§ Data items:
>>>

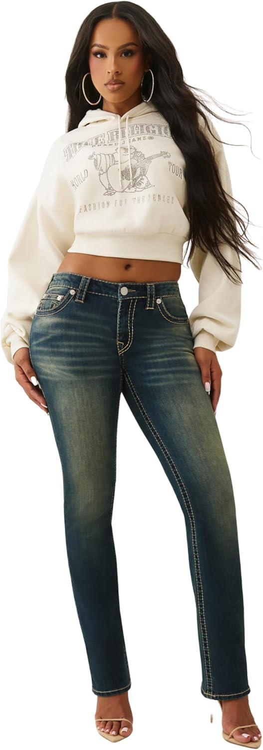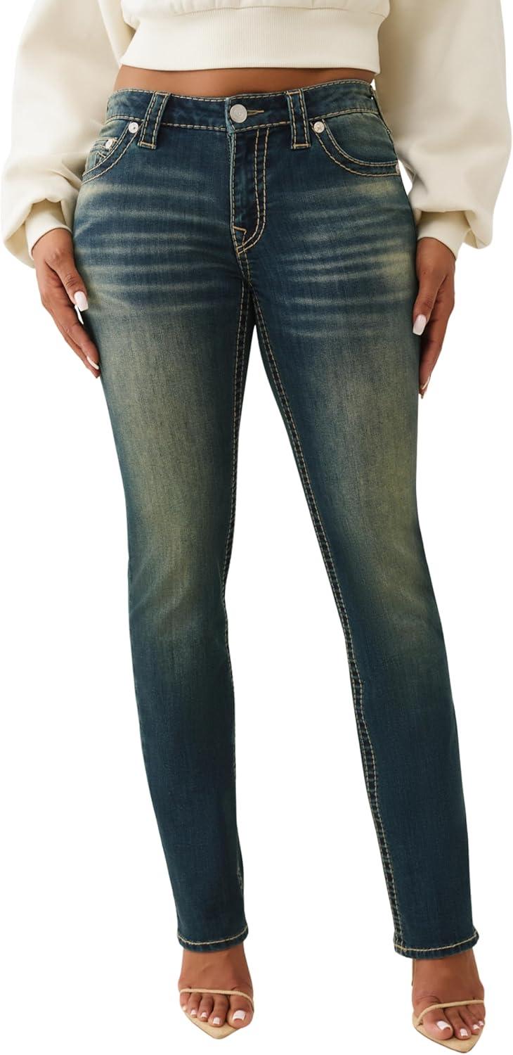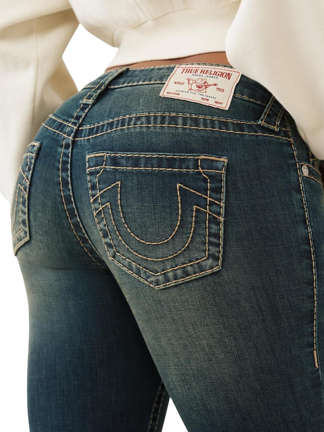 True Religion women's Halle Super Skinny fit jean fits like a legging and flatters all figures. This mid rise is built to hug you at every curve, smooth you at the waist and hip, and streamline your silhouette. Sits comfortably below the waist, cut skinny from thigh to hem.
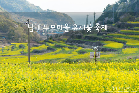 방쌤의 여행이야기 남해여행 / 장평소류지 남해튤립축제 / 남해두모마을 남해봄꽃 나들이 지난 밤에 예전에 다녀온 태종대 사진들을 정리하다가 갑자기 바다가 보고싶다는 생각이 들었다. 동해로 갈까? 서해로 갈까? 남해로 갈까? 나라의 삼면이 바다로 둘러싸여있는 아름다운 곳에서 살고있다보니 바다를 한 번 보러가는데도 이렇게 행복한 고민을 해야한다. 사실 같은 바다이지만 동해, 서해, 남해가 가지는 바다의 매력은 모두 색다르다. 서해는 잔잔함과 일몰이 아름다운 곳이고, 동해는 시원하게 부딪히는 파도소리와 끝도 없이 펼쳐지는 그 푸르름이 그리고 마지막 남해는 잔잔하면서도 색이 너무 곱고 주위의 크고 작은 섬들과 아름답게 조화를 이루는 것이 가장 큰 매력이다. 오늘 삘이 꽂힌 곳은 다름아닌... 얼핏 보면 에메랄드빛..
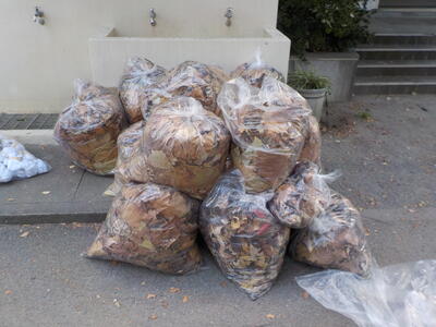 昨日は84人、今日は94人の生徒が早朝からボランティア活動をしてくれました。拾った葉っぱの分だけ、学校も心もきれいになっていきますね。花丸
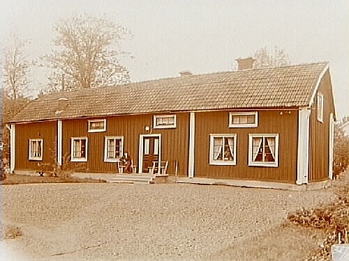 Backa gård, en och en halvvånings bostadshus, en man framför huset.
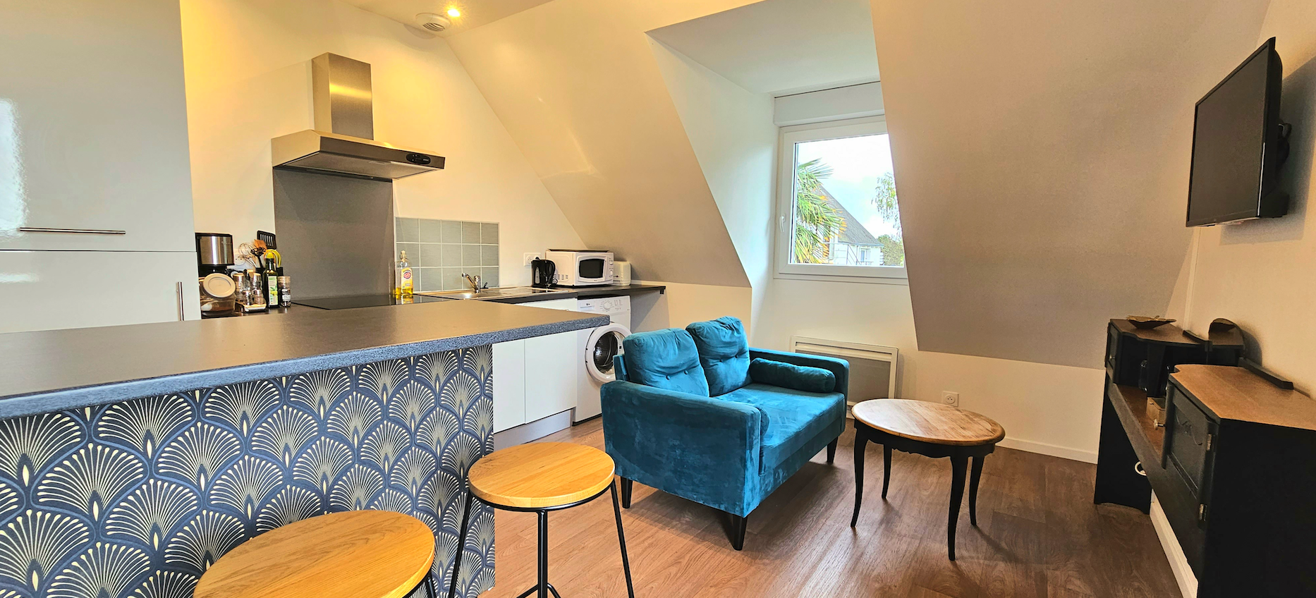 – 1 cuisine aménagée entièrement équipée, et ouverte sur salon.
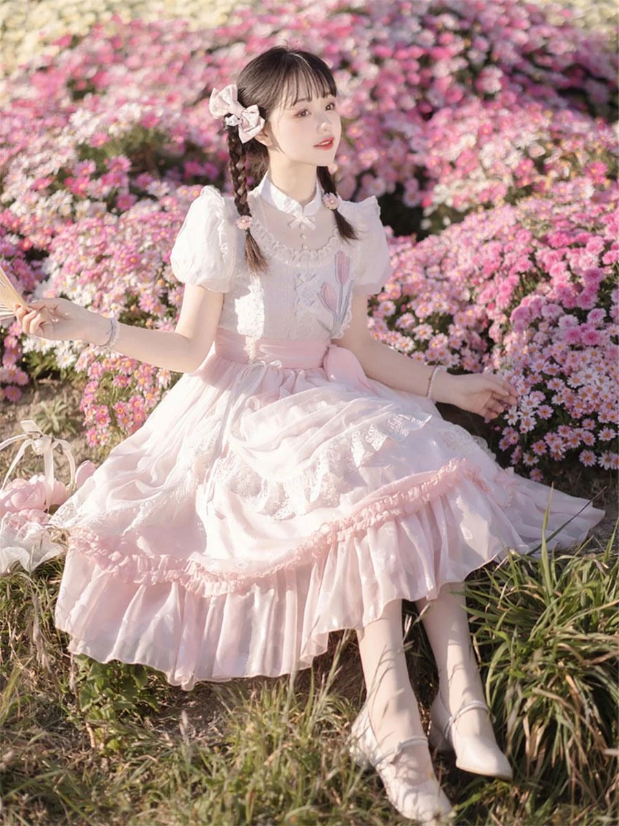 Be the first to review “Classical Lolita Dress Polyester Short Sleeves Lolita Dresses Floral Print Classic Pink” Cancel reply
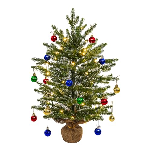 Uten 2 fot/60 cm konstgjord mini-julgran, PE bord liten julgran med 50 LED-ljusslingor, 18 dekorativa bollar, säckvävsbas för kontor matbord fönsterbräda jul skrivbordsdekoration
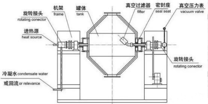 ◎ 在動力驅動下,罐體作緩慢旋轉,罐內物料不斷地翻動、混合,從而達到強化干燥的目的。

<<<

Set down all the lines above exactly as they appear, with no pictures.

 True Religion women's Halle Super Skinny fit jean fits like a legging and flatters all figures. This mid rise is built to hug you at every curve, smooth you at the waist and hip, and streamline your silhouette. Sits comfortably below the waist, cut skinny from thigh to hem.
 방쌤의 여행이야기 남해여행 / 장평소류지 남해튤립축제 / 남해두모마을 남해봄꽃 나들이 지난 밤에 예전에 다녀온 태종대 사진들을 정리하다가 갑자기 바다가 보고싶다는 생각이 들었다. 동해로 갈까? 서해로 갈까? 남해로 갈까? 나라의 삼면이 바다로 둘러싸여있는 아름다운 곳에서 살고있다보니 바다를 한 번 보러가는데도 이렇게 행복한 고민을 해야한다. 사실 같은 바다이지만 동해, 서해, 남해가 가지는 바다의 매력은 모두 색다르다. 서해는 잔잔함과 일몰이 아름다운 곳이고, 동해는 시원하게 부딪히는 파도소리와 끝도 없이 펼쳐지는 그 푸르름이 그리고 마지막 남해는 잔잔하면서도 색이 너무 곱고 주위의 크고 작은 섬들과 아름답게 조화를 이루는 것이 가장 큰 매력이다. 오늘 삘이 꽂힌 곳은 다름아닌... 얼핏 보면 에메랄드빛..
 昨日は84人、今日は94人の生徒が早朝からボランティア活動をしてくれました。拾った葉っぱの分だけ、学校も心もきれいになっていきますね。花丸
 Backa gård, en och en halvvånings bostadshus, en man framför huset.
 – 1 cuisine aménagée entièrement équipée, et ouverte sur salon.
 Be the first to review “Classical Lolita Dress Polyester Short Sleeves Lolita Dresses Floral Print Classic Pink” Cancel reply
 Uten 2 fot/60 cm konstgjord mini-julgran, PE bord liten julgran med 50 LED-ljusslingor, 18 dekorativa bollar, säckvävsbas för kontor matbord fönsterbräda jul skrivbordsdekoration
 ◎ 在動力驅動下,罐體作緩慢旋轉,罐內物料不斷地翻動、混合,從而達到強化干燥的目的。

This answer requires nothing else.